## WORK REQUEST:
With pictures excluded, copy word for word the lines in the data below from the line containing "BLAZERBUCK 2 Pairs" through the line containing "Windows 文件服務(wù)或啟用 SSH".

## SOURCE RECORDS:
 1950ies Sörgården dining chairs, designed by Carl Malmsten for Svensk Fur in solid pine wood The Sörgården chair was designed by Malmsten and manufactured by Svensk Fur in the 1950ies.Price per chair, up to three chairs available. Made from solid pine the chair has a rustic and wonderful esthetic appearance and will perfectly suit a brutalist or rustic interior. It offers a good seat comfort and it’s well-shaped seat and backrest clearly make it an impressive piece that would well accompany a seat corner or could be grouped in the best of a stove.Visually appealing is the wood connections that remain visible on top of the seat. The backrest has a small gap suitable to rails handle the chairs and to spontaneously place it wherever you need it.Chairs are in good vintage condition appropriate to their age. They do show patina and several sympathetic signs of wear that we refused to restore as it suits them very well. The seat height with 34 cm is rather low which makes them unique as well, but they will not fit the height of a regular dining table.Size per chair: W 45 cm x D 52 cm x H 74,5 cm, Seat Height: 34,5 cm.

==

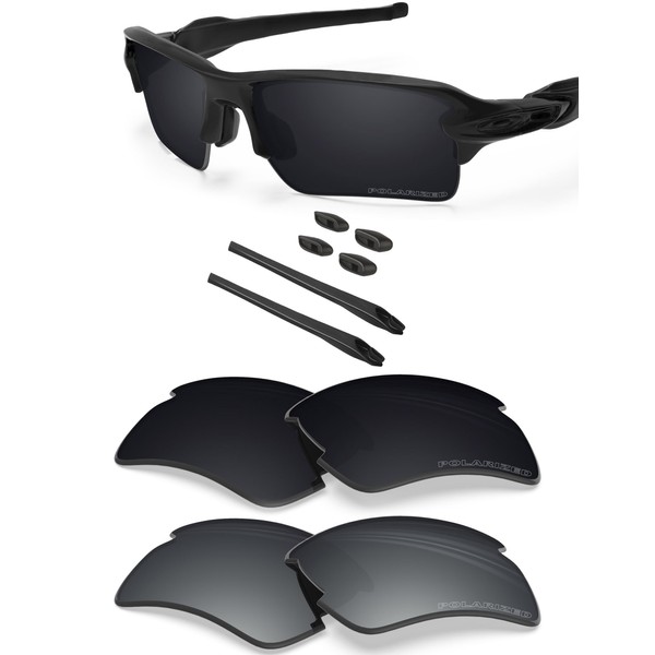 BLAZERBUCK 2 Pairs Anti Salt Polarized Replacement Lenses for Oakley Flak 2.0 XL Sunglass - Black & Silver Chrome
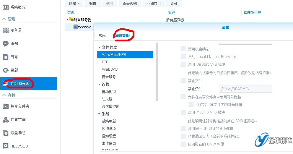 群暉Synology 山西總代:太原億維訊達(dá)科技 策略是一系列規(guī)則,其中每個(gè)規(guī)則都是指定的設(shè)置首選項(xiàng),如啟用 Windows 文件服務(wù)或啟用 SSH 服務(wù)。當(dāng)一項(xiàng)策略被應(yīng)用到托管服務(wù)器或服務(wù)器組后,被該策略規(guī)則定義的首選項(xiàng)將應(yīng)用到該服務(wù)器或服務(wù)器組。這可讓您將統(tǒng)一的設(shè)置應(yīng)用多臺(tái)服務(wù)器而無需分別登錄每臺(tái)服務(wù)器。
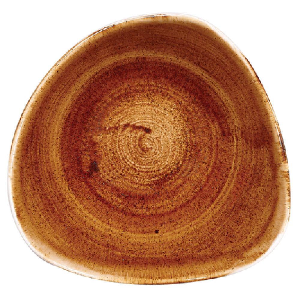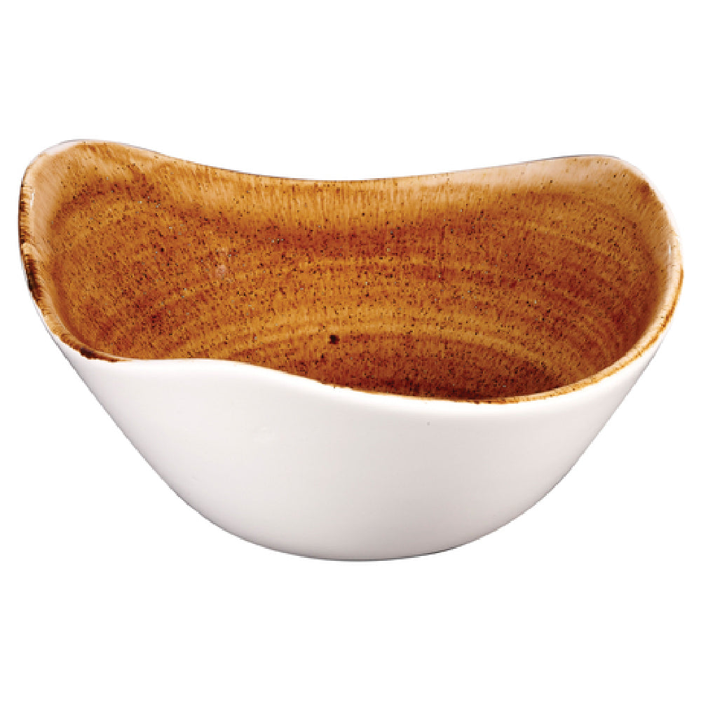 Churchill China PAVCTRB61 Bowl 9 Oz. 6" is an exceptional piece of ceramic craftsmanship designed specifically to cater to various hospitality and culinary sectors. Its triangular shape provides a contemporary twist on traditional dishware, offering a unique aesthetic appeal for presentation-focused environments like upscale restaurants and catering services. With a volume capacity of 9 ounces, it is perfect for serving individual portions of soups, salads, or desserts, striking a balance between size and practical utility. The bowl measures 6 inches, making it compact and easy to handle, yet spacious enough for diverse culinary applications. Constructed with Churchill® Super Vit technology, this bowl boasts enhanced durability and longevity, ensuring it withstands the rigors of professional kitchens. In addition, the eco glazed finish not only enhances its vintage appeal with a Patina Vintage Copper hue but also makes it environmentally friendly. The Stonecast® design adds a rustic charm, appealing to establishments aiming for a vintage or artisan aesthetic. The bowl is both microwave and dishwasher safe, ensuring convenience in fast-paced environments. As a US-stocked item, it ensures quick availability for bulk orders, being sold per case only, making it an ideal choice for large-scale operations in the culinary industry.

--

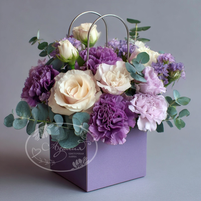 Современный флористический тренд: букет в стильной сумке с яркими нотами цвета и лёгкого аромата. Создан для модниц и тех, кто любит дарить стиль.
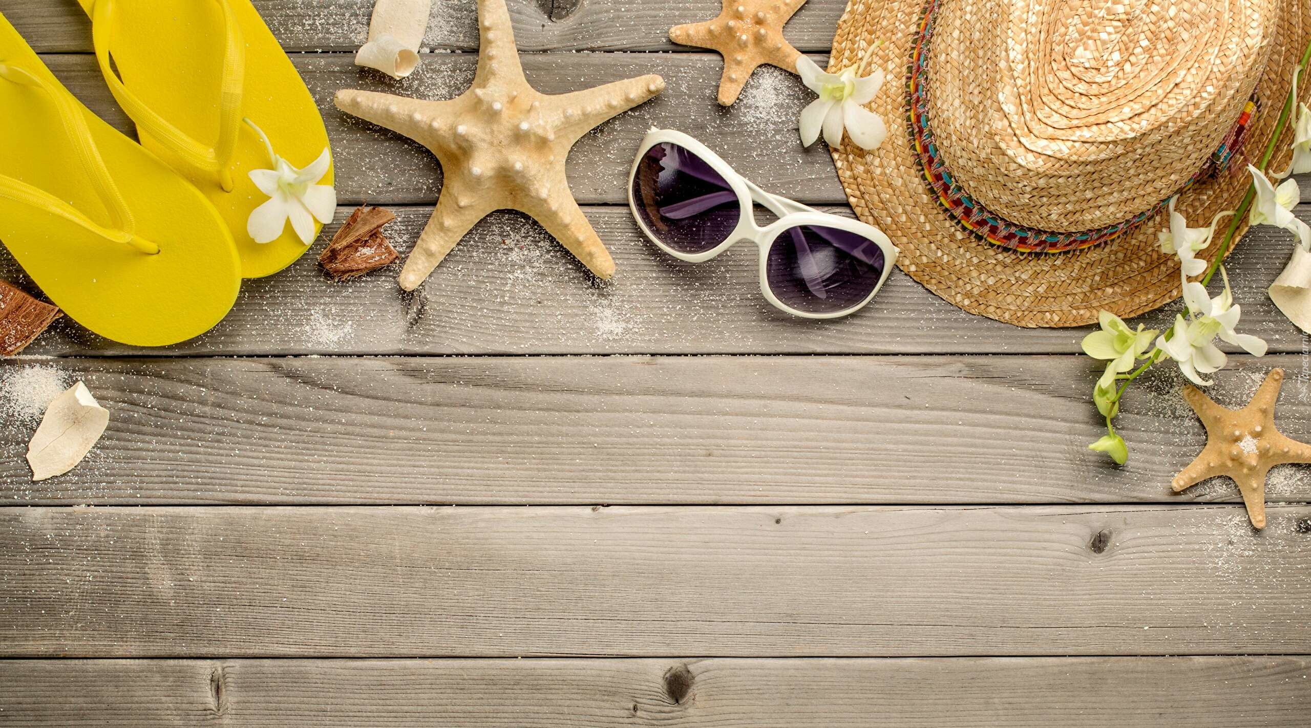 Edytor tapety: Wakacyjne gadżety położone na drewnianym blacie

## WRITTEN RESPONSE:
 BLAZERBUCK 2 Pairs Anti Salt Polarized Replacement Lenses for Oakley Flak 2.0 XL Sunglass - Black & Silver Chrome
 群暉Synology 山西總代:太原億維訊達(dá)科技 策略是一系列規(guī)則,其中每個(gè)規(guī)則都是指定的設(shè)置首選項(xiàng),如啟用 Windows 文件服務(wù)或啟用 SSH 服務(wù)。當(dāng)一項(xiàng)策略被應(yīng)用到托管服務(wù)器或服務(wù)器組后,被該策略規(guī)則定義的首選項(xiàng)將應(yīng)用到該服務(wù)器或服務(wù)器組。這可讓您將統(tǒng)一的設(shè)置應(yīng)用多臺(tái)服務(wù)器而無需分別登錄每臺(tái)服務(wù)器。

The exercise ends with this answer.